Tuesday, April 03, 2018

Memory in Poetry: No More Goodnights


No More Goodnights
 


Caught up
In a swirl of emotions
Feelings flowing like typhoon season

The timing
Catches me off guard
Even though I prepare for it
Each and every time

No tears
Pain underlying
As time seems to fly

My attitude
Lack of tolerance
Define this moment that is etched in forever
Time flies

Still I celebrate

The moments
Adventures and life
Of you
Of us

Forever you will remain
Engrained in this cell structure of mine

Remembering
The promise you made me keep
The standards and bars
That remain high

As I know you watch
Showering your smile from above
In a place where you still
Give me love

My mind
And heart’s eye
Still wonders why

Yet
I cherish
Cling tightly to
All the things that you

Left
Inspired
Installed

In my heart and mind

Still
I feel you gone
Long gone before your time

So I will never say

Goodnight
To the love of my life



From the chocolatezeus collection  4/3/18  ©

Monday, April 02, 2018

Poetry: The Mists of Fleeting Feelings

That longing to look into your
soulful eyes again
slightly haunts me

as the death knell has told
seemingly so long ago

Still feels like something is left
an ember that may still be warm
And then reality slaps me back into reality

Seeing
Looking
Feeling

clearly
you chose
showed your choice to me

my soul weeps
my heart no longer beats

for there we were
upon the precipice of eternity
with the ability to tame our reality

yet

somewhere else
for some unknown reasons
you gave up
walked away from everything

no matter my efforts
met with audacious attitude and fatalistic
inconsequential venomous
retorts

you showed me the way
the path that you had taken

no matter my desire
the fires that burnt
to do all things and save you

into the mists of the abyss
you chose to partake in

Now
I just watch you falling

further and further away

falling

until this time
where I shock a flatline
for the last time

and let the mist claim
what is left of
the sum of nothing




from the chocolatezeus collection.  4/2/18. (c)

Sunday, April 01, 2018

Professor Marston and the Wonderwomen

So I watched this movie last week and I forgot to comment on it.

The movie started off slow for me.
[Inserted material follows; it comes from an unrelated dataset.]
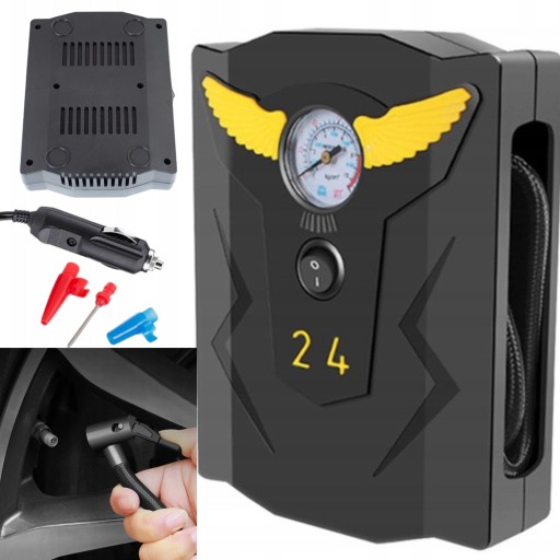 Zasilany z gniazda zapalniczki. Doskonale nadaje się do pompowania wszelkiego rodzaju przedmiotów tj. koła samochodowe, rowerowe, piłki materace, itp.

I had to really pay attention and make myself think in order to maintain interest.

It shows the old 50s style living with an introduction into a nonmonagamous lifestyle. Which was beyond taboo for that era.  And also the creation of the Wonder Woman concept.

I watched it because little one had said she watched it and there was nothing else at that point to watch so I figured I would waste time and check it out.
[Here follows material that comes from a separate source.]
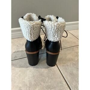 Nine West Penni Fur Booties/Lace Up Sherpa Combat Heeled Lined Women's Size 10M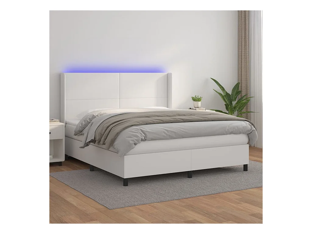 Sommier à lattes de lit matelas LED Blanc 180x200 Similicuir

The 50s household style made me miss married life and a woman that could handle that plus the modern era. But it showed a light on the hardship of becoming interested in the bdsm and poly lifestyles in a straight laced only time period.
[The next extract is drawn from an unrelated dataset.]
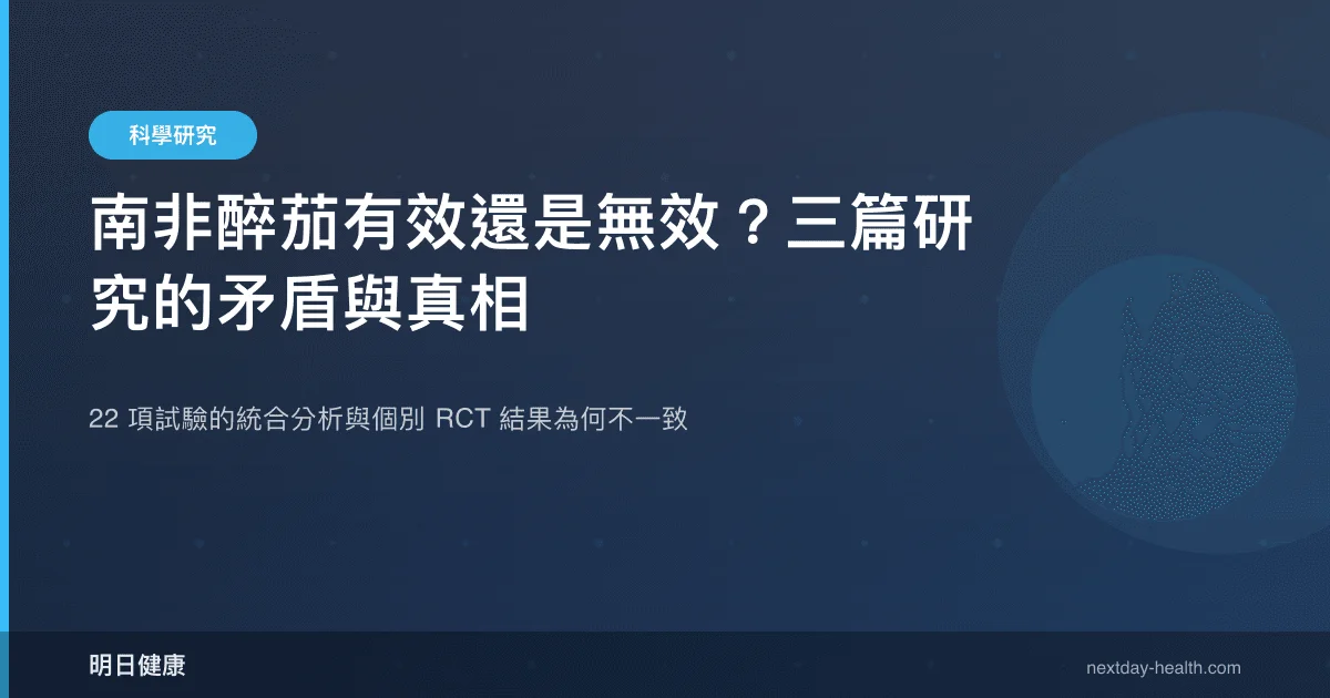 Alsanie 等人(2026)納入 22 項隨機對照試驗進行劑量反應統合分析,結果顯示南非醉茄對壓力、焦慮與憂鬱症狀均有顯著改善效果。南非醉茄是指印度傳統醫學中使用的茄科植物 Withania somnifera,其根部萃取物含有活性成分 withanolides。然而,該分析同時指出研究間異質性偏高,意味著各試驗的設計、劑量、受試者條件差異很大,整體結論的精確度因此打了折扣。

Their introduction into rope play was romanticized and there really wasn't a true explanation in the Dominant/submissive dynamic. And most assumed that he was the dominant incorrectly.

But it brought somethings together that really hadn't been considered. And it brought about the situation and history for the Wonder Woman persona.

It definitely made me think about the household and what I originally wanted to what is now.

If you have interest then check it out.